Of course this scenario is prerposterous, and offensive.  But many times, when I watch shows like Survivor, Big Brother, Fear Factor, and now all these sub-class shows like Redneck Vacations and a show mocking an overweight child because her parents are too stupid to realize the damage they are causing, I do not want to be held in the same descriptive sense of the word survivor.  I have been through too much for my journey to be so understated just because it did not appear on some remote island.  My psychological battles are far worse than a group of spoiled egotistical jerks who believe the only way to get by is by being deceiptful, and disloyal.

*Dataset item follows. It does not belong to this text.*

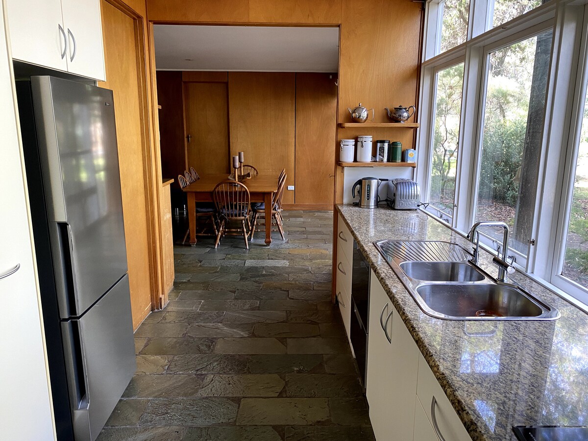 Du kommer att bli Udder-ly förvånad över att detta helt renoverade boende en gång var ett fullt fungerande mejeri. Rymligt men mysigt kök, matplats och vardagsrum i öppen planlösning. Valvade trätak och ursprungliga ståltakbjälkar. Köket har allt du behöver, inklusive diskmaskin, ugn och kaffemaskin. Sitt och sjunk ner i den bekvämaste soffan och mys upp dig för att titta på en film eller fotboll på TV. Men om du är här för att koppla bort digitalt har vi en bush-TV (eldstad utomhus), brädspel och bushwalks!

We cancer patients are kind of funny with the labels that healthy people, and sometimes other cancer patients like to place on us.  Survivor.  Warrior.  And I am not going to rip on people who watch the reality shows.  But just once, I would like to see a major network produce a series and stick with it, about true survivors, not volunteers, we were forced into our situations.  We were not made into millionaires because of it, but there are literally millions of us, over twelve million.  Many of us have additional issues, and most do not know why.  Stand Up 2 Cancer is doing great by drawing attention to supporting research to find new cures and support, but we need something to show that people do live long lives in spite of their greatest challenge in life.  A walk around a track at your local Relay For Life is lined with luminairies with the names of people who have faced cancer and beaten it.  I would like to see a Nationally televised Relay For Life with at least half of the program dedicated to survivors and perhaps expanding the Stand Up 2 Cancer to include the various issues that survivors face after treatments from psychological to medical.  Just once, I would like to see a real reality show that is not based on backstabbing, lying, and degrading.  I would like to see true success and show people how success is really celebrated and appreciated.